■ Activity ■
Starting with the line with "2022年7月,中证数据有限" in the entries below and going on through the line with "Cayetana Guillén y", output every line exactly and nothing more. No pictures.

■ Records for this exercise ■
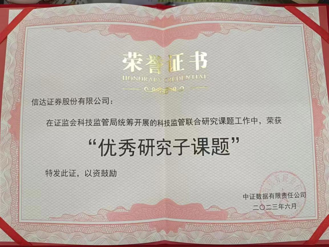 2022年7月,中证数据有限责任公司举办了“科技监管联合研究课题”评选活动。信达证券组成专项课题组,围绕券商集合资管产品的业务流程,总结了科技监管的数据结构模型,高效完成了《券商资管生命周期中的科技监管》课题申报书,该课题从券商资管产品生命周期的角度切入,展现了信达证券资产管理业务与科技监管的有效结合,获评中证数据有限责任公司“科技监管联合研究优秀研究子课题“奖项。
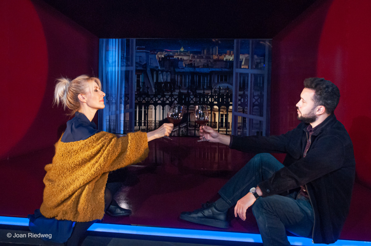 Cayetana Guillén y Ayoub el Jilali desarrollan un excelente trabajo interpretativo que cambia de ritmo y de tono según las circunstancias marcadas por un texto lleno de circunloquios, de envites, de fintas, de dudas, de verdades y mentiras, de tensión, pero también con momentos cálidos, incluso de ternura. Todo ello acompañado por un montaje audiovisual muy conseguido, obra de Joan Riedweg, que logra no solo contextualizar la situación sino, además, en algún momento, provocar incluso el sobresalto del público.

==

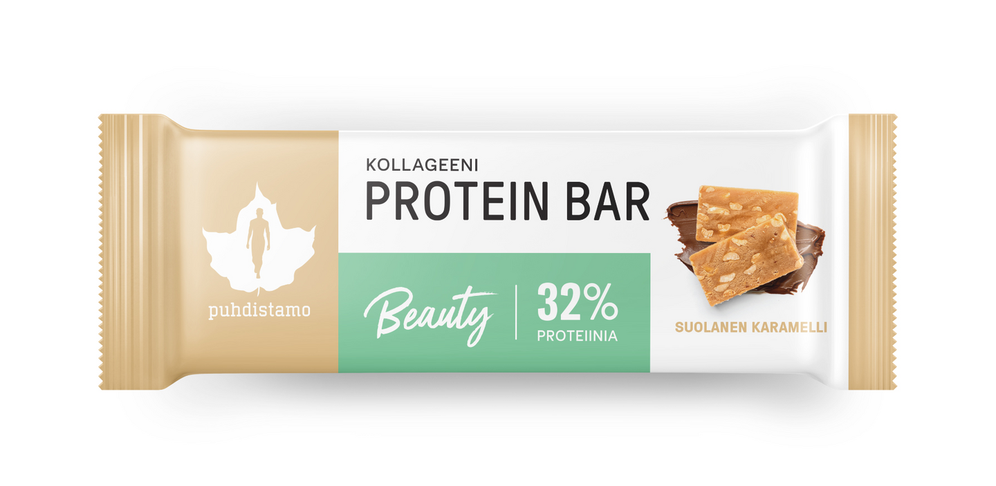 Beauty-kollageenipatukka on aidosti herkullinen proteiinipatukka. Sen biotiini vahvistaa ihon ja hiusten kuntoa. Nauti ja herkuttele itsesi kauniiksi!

■ Written solution ■
 2022年7月,中证数据有限责任公司举办了“科技监管联合研究课题”评选活动。信达证券组成专项课题组,围绕券商集合资管产品的业务流程,总结了科技监管的数据结构模型,高效完成了《券商资管生命周期中的科技监管》课题申报书,该课题从券商资管产品生命周期的角度切入,展现了信达证券资产管理业务与科技监管的有效结合,获评中证数据有限责任公司“科技监管联合研究优秀研究子课题“奖项。
 Cayetana Guillén y Ayoub el Jilali desarrollan un excelente trabajo interpretativo que cambia de ritmo y de tono según las circunstancias marcadas por un texto lleno de circunloquios, de envites, de fintas, de dudas, de verdades y mentiras, de tensión, pero también con momentos cálidos, incluso de ternura. Todo ello acompañado por un montaje audiovisual muy conseguido, obra de Joan Riedweg, que logra no solo contextualizar la situación sino, además, en algún momento, provocar incluso el sobresalto del público.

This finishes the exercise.